Silber v. Muschel

190 A.D.2d 727 | N.Y. App. Div. | 1993

— In an action to recover on a promissory note, the defendant appeals from (1) an order of the Supreme Court, Kings County (G. Aronin, J.), entered May 12, 1992, which granted the plaintiff’s motion for summary judgment in lieu of complaint against him in the principal amount of $316,304, and (2) a judgment of the same court, entered May 12, 1992, thereon, and the plaintiff cross-appeals from so much of the same judgment as failed to award prejudgment interest on the principal amount of the note.

Ordered that the appeal from the order is dismissed; and it is further,

Ordered that the judgment is reversed, on the law, the order entered May 12, 1992, is vacated, the plaintiff’s motion for summary judgment in lieu of complaint is denied, and the moving papers and the answering papers are deemed the complaint and answer; and it is further,

Ordered that the defendants are awarded one bill of costs.

The appeal from the intermediate order must be dismissed because the right of direct appeal therefrom terminated with the entry of judgment in the action (see, Matter of Aho, 39 NY2d 241, 248). The issues raised on appeal from the order are brought up for review and have been considered on the appeal from the judgment (see, CPLR 5501 [a] [1]).

In support of his motion for summary judgment in lieu of complaint (see, CPLR 3213), the plaintiff established a prima facie entitlement to judgment as a matter of law by producing the promissory note executed by the parties and demonstrating that the defendant had defaulted in payment thereon (see, *728Mlcoch v Smith, 173 AD2d 443, 444; Gittleson v Dempster, 148 AD2d 578, 579). Accordingly, to preclude the plaintiff from enforcing the terms of the note, it became incumbent upon the defendant to establish, by admissible evidence, that a triable issue of fact existed (see, Faustini v Darth Provisions Co., 131 AD2d 809, 810). In the instant matter, the defendant noted that the promissory note was for one year’s premium on a life insurance policy and alleged that he was fraudulently induced into executing that insurance contract (see, UCC 3-306 [b]). Since the plaintiff does not contend that he held the note in due course, the defense of fraudulent inducement may be asserted against him (see, UCC 3-306 [b]; Pan Atl. Group v Isacsen, 114 AD2d 1022).

We find the defendant has alleged, with sufficient particularity, the perpetration of an affirmative misrepresentation which, if true, would constitute fraud in the inducement (see, Slavin v Victor, 168 AD2d 399; Pan Atl. Group v Isacsen, supra).
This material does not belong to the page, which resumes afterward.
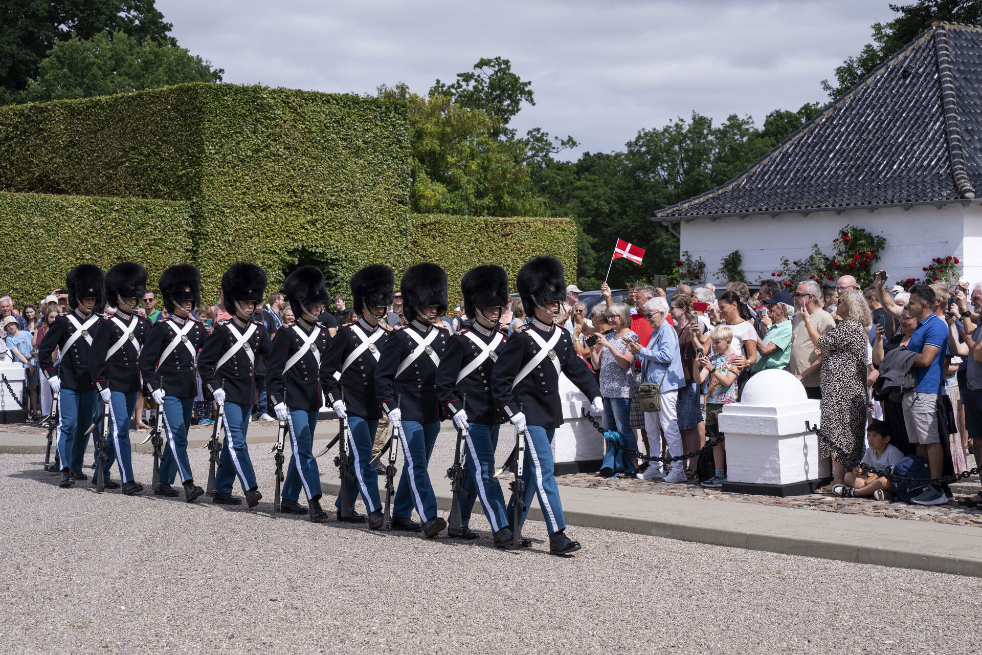 The changing of the guard takes place daily at 12:00 on the square in front of the guardhouse. The march sets out from “The Palace in Gråsten” at 11:43 along Ahlefeldtsvej – Borggade – Slotsgade – Slotsbakken and Felstedvej.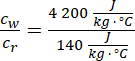 W tablicy na stronie 322. największe ciepło właściwe posiada woda, a najmniejsze – rtęć. Porównując oba ciepła, liczymy ich stosunek.

Specifically, the defendant asserts that the plaintiff misrepresented the number of years in which premium payments would be required under the insurance contract and, consequently, underrepresented by more than $2,000,000 the total amount of required premium payments. The defendant submitted a fact-specific affidavit which evinced his first-hand knowledge of the misrepresentations made by the plaintiff in the course of the parties’ negotiations (see, Slavin v Victor, supra; Magi Communications v Jac-Lu Assocs., 65 AD2d 727, 729). Moreover, the defendant has submitted a handwritten memorandum, bearing the plaintiff’s signature, which apparently memorializes the plaintiff’s misrepresentation. The Supreme Court erred in determining that the defendant’s allegations of fraud and misrepresentation were conclusory and without evidentiary support in the record (cf., Spielman v Acme Natl. Sales Co., 159 AD2d 918; Crossland Sav. v Manas, 153 AD2d 922; Gittleson v Dempster, 148 AD2d 578, supra).

Since the judgment in the plaintiff’s favor must be reversed, we need not reach the issue of whether prejudgment issue should have been awarded, and make no findings with respect to the merits of the plaintiff’s cross appeal. Mangano, P. J., Bracken, Sullivan and O’Brien, JJ., concur.